**Task requirements**
Every record below needs to be written out exactly, apart from the pictures.

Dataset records

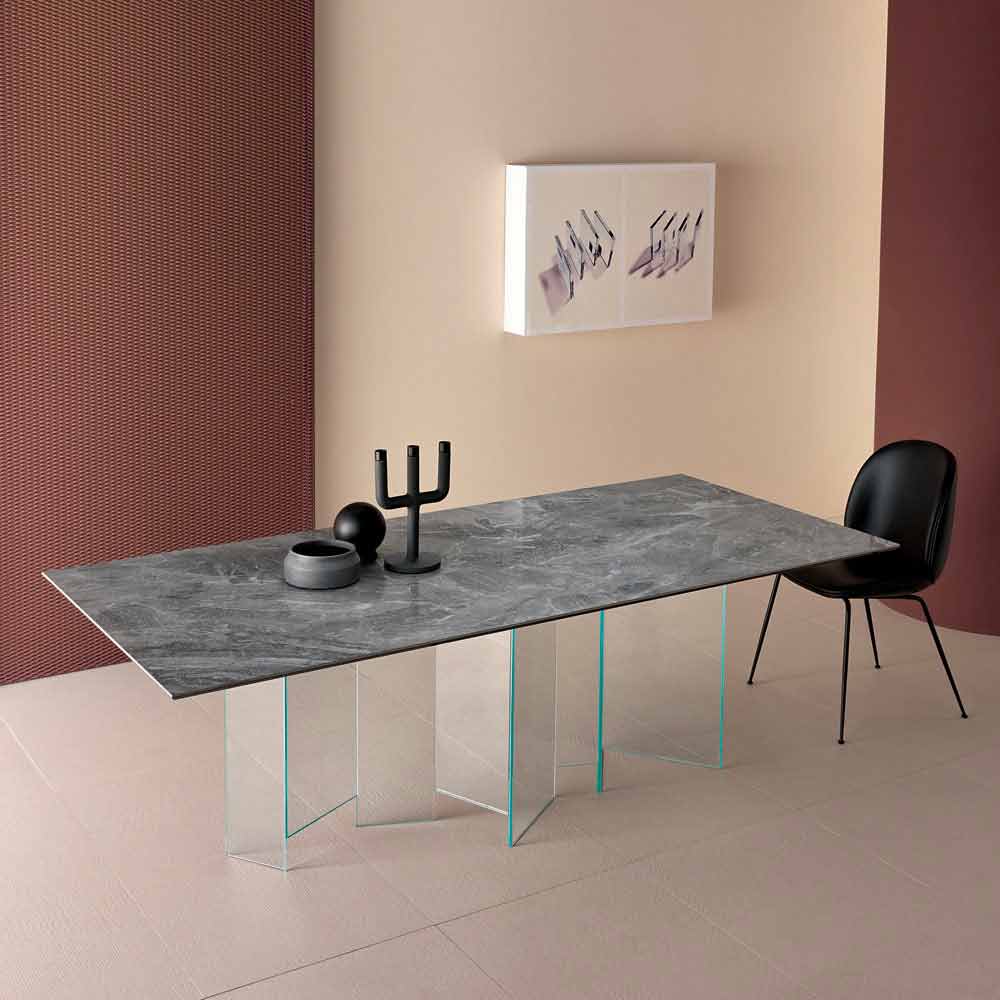 Modern design table with ceramic top and extra-clear glass base, made in Italy.
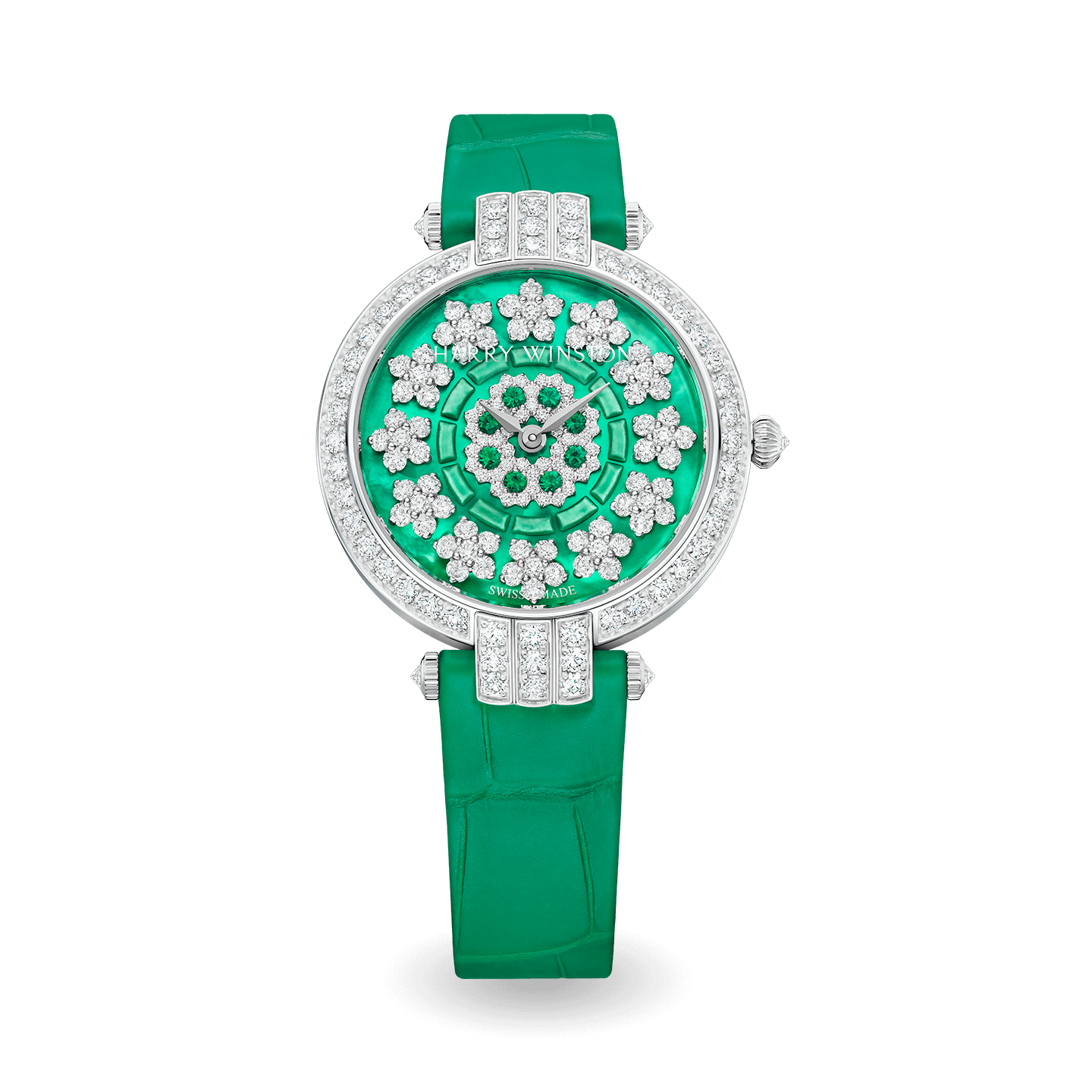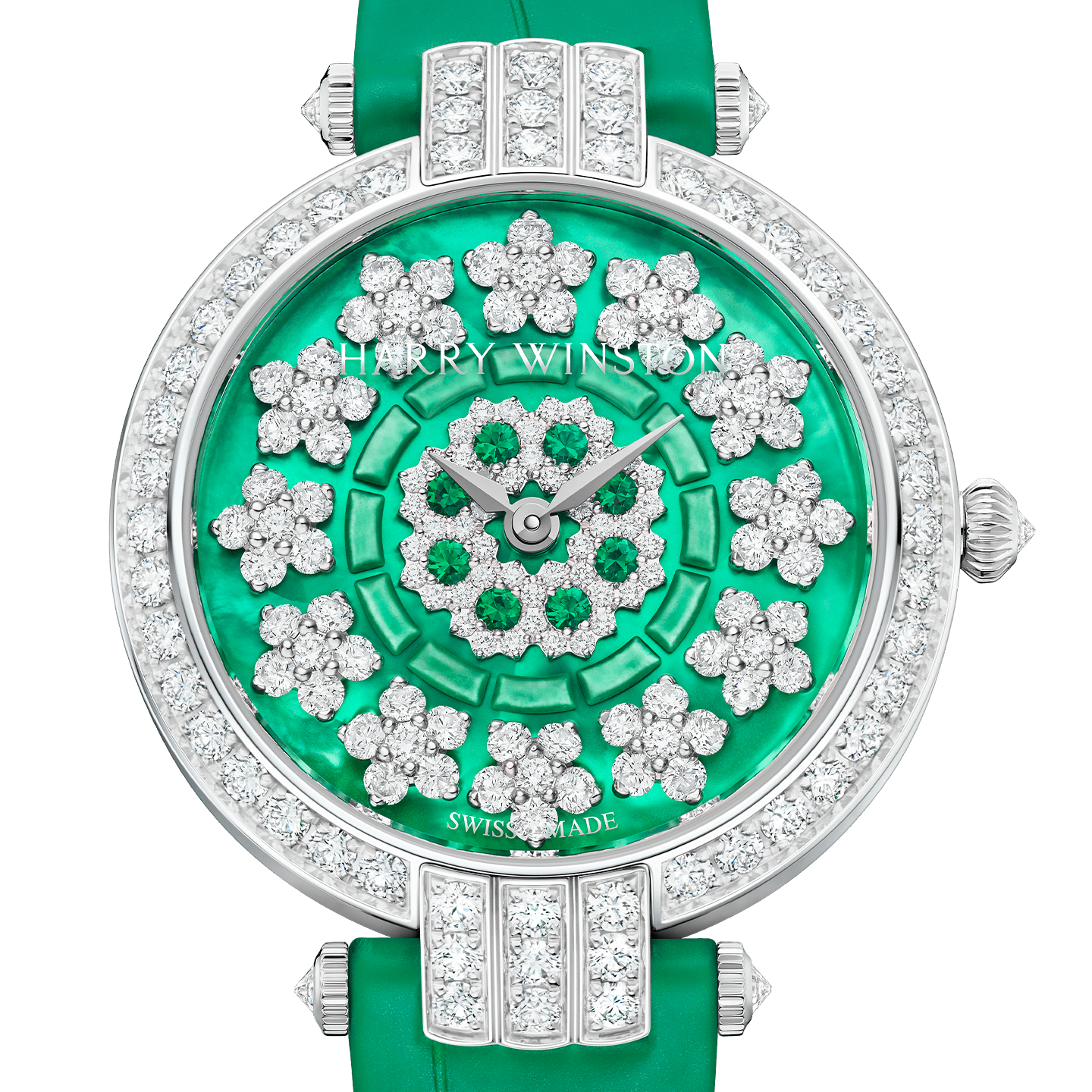 The Premier timepiece collection welcomes a white gold model embellished with the iconic Sunflower motif featured in the eponymous Harry Winston fine jewelry collection. Once again, the House of Harry Winston transforms the natural beauty of a sunflower into a precious jewel whose beauty will never fade.
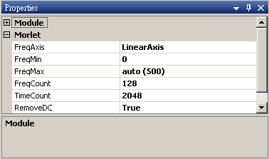 本模組接受實數(real number),單通道(single channel),regular的訊號(signal)、聲音訊號(audio)輸入;輸出訊號格式為實數,單通道,regular的時頻(spectra)資料。參數須設定起始與終點位置,其單位等於輸入訊號的時間單位。
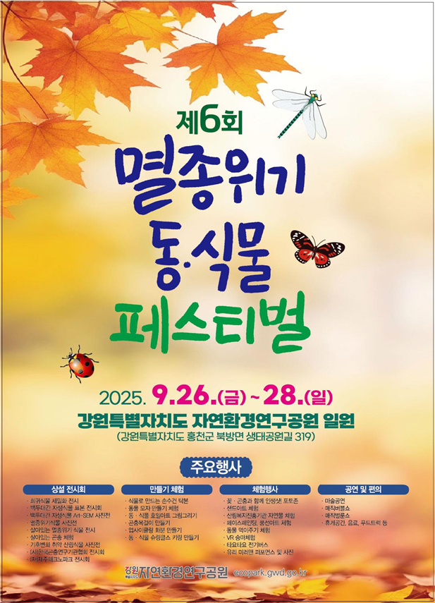 [스포츠서울ㅣ춘천=김기원기자]강원특별자치도 자연환경연구공원은 9월 26일(금)부터 28일(일)까지 3일간 홍천군 북방면 성동리 일원 자연환경연구공원에서 「제6회 멸종위기 동·식물 페스티벌」을 개최한다고 밝혔다.
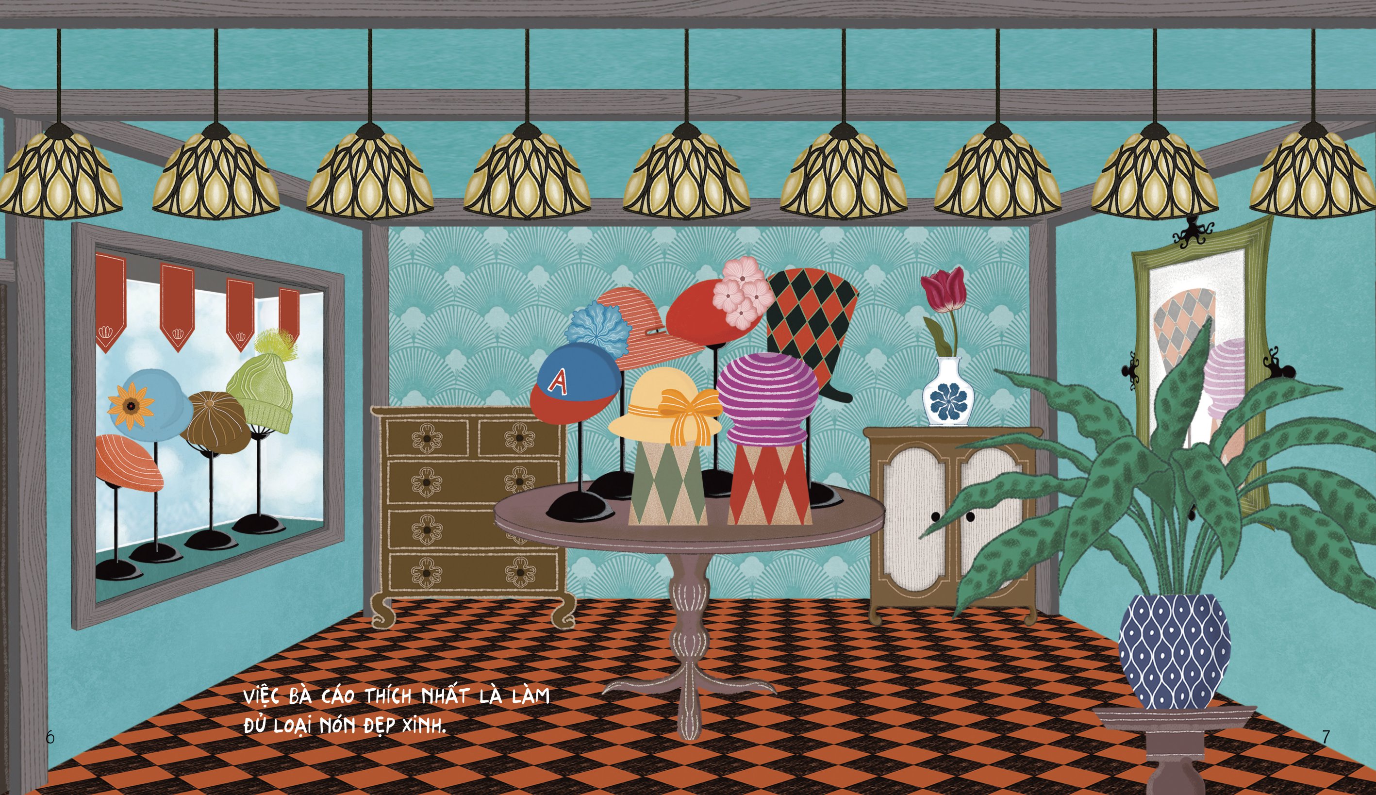 Mỗi ngày Bà Cáo đều say mê làm nón. Cửa tiệm của Bà Cáo có đủ kiểu nón đẹp nhất trên đời: Nón bê rê, nón chóp cao, nón lưỡi trai… Mỗi vị khách lại yêu thích một loại nón riêng. Mời bạn đến thăm cửa tiệm tuyệt vời của Bà Cáo nhé!

**Task answer**
 Modern design table with ceramic top and extra-clear glass base, made in Italy.
 The Premier timepiece collection welcomes a white gold model embellished with the iconic Sunflower motif featured in the eponymous Harry Winston fine jewelry collection. Once again, the House of Harry Winston transforms the natural beauty of a sunflower into a precious jewel whose beauty will never fade.
 本模組接受實數(real number),單通道(single channel),regular的訊號(signal)、聲音訊號(audio)輸入;輸出訊號格式為實數,單通道,regular的時頻(spectra)資料。參數須設定起始與終點位置,其單位等於輸入訊號的時間單位。
 [스포츠서울ㅣ춘천=김기원기자]강원특별자치도 자연환경연구공원은 9월 26일(금)부터 28일(일)까지 3일간 홍천군 북방면 성동리 일원 자연환경연구공원에서 「제6회 멸종위기 동·식물 페스티벌」을 개최한다고 밝혔다.
 Mỗi ngày Bà Cáo đều say mê làm nón. Cửa tiệm của Bà Cáo có đủ kiểu nón đẹp nhất trên đời: Nón bê rê, nón chóp cao, nón lưỡi trai… Mỗi vị khách lại yêu thích một loại nón riêng. Mời bạn đến thăm cửa tiệm tuyệt vời của Bà Cáo nhé!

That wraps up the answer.